### Work order
Reproduce the whole listing that follows, character for character, and drop the images.

Start of Information provided

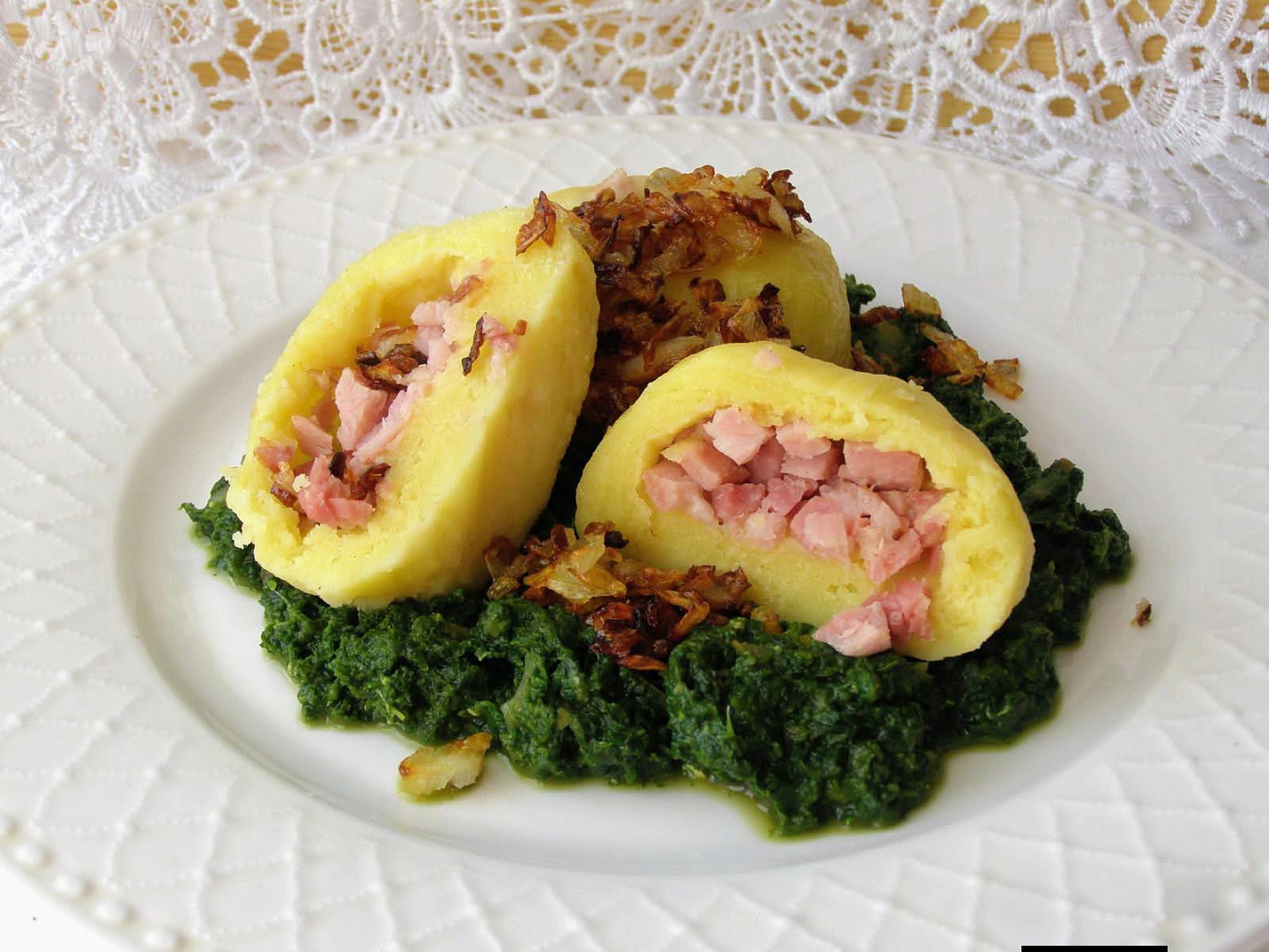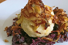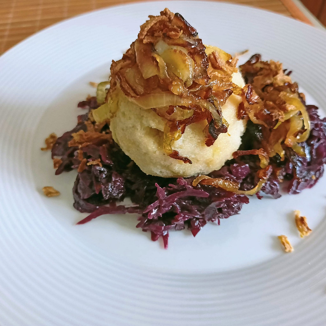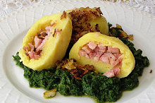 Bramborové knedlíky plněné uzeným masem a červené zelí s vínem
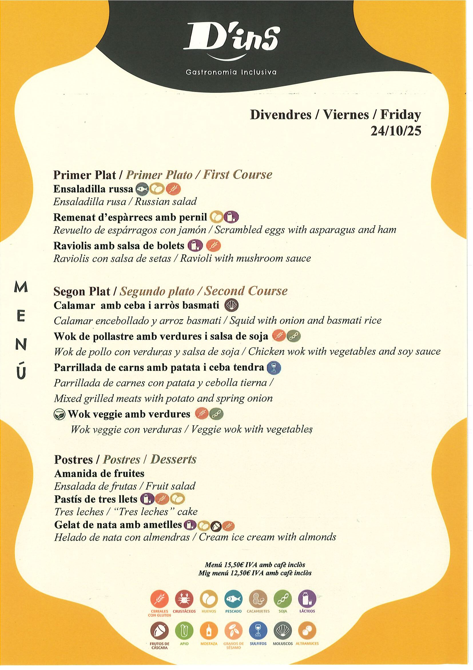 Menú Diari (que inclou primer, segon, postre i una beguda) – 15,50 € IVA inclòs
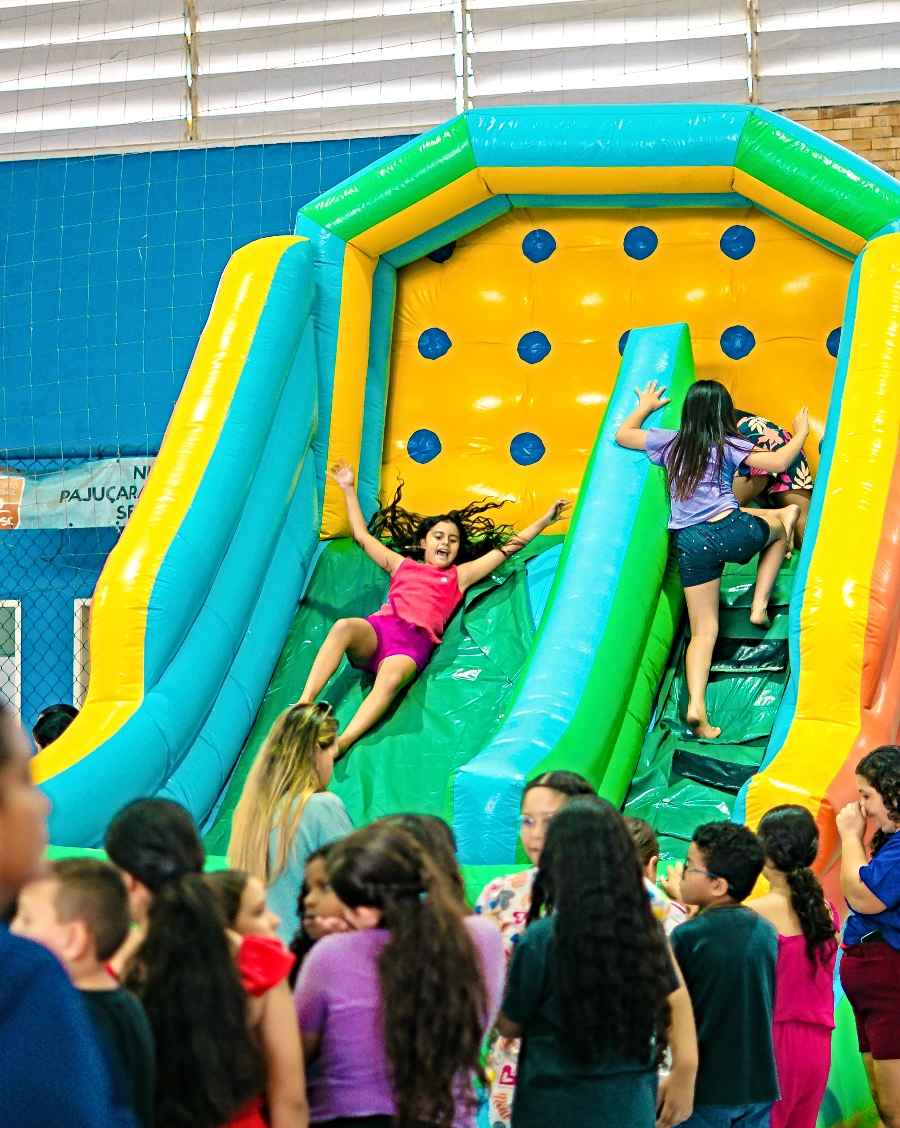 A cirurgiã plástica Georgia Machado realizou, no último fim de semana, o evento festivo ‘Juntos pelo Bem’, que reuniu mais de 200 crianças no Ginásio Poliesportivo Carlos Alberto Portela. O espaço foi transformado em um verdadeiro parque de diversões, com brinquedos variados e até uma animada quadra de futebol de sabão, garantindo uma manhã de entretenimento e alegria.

End of Information provided

### Answer space
 Bramborové knedlíky plněné uzeným masem a červené zelí s vínem
 Menú Diari (que inclou primer, segon, postre i una beguda) – 15,50 € IVA inclòs
 A cirurgiã plástica Georgia Machado realizou, no último fim de semana, o evento festivo ‘Juntos pelo Bem’, que reuniu mais de 200 crianças no Ginásio Poliesportivo Carlos Alberto Portela. O espaço foi transformado em um verdadeiro parque de diversões, com brinquedos variados e até uma animada quadra de futebol de sabão, garantindo uma manhã de entretenimento e alegria.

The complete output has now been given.